Refactor requirement now:

- No mandatory refactor required to satisfy the file-size rule.

## 4) Remaining Final Submission Items

These are still outstanding at submission level:

- Demo video (3-5 min)
- Social post with `@GauntletAI`
- Open-source package npm publish (local scaffold complete at `tools/evals/finance-agent-evals/`, upstream PRs opened)

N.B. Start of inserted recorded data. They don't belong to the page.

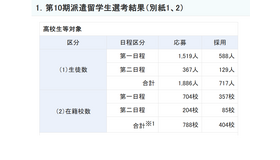 一方、地域の産学官が協働し、地域の高校生等への留学機会提供と留学機運醸成に取り組む「拠点形成支援事業」の採用者数は、石川県58人、静岡県51人、滋賀県57人、福島県32人、高知県31人。拠点地域で採用された高校生等には、各地域の企業等の拠出額に応じて、派遣留学生への奨学金等の費用の2分の1が支援される。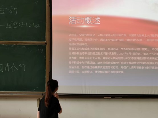 为贯彻落实习近平总书记提出的“绿水青山就是金山银山”的思想,进一步引导广大学生践行绿色发展理念,2024年5月22日16:15,遥感科学与技术23-2班团支部联合遥感科学与技术23-1班团支部、遥感科学与技术23-3班团支部在博1A101举办“倡导绿色发展,美丽中国青春行”主题团日活动。此次活动由三个班级团支书张译文、王子赫、唐瑞婕主持。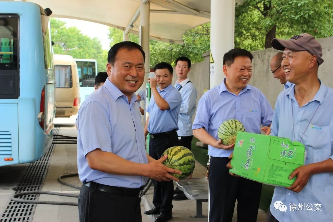 為切實(shí)關(guān)心關(guān)愛堅守一線的公交員工,徐州公交認(rèn)真開展“夏日送清涼”活動,7月22日上午11:45,領(lǐng)導(dǎo)班子分4組深入站臺、調(diào)度室、修理車間等17處基層一線,為奮戰(zhàn)一線、堅守崗位的員工送上涼茶、西瓜等清涼物資,向冒著高溫酷暑、辛勤工作的一線員工表示敬意和慰問,叮囑他們落實(shí)好各項防暑降溫措施,確保在高溫環(huán)境下市民能正常清涼出行。

External contribution links:

- https://github.com/openai/evals/pull/1625
- https://github.com/langchain-ai/langchain/pull/35421

Open-source scaffold verification commands:

```bash
npm run evals:package:check
npm run evals:package:pack
```

## 5) AI Reply Quality

Current state:

- Deterministic response-quality heuristics are implemented (`response_quality` verification check).
- Generic disclaimer answers and low-information answers are filtered by reliability gating in `buildAnswer()`.
- Quality eval slice is active via `apps/api/src/app/endpoints/ai/evals/ai-quality-eval.spec.ts`.

Recommendation:

- Keep adding real failing prompts into quality eval cases and tune prompt policy in `buildAnswer()` with deterministic assertions.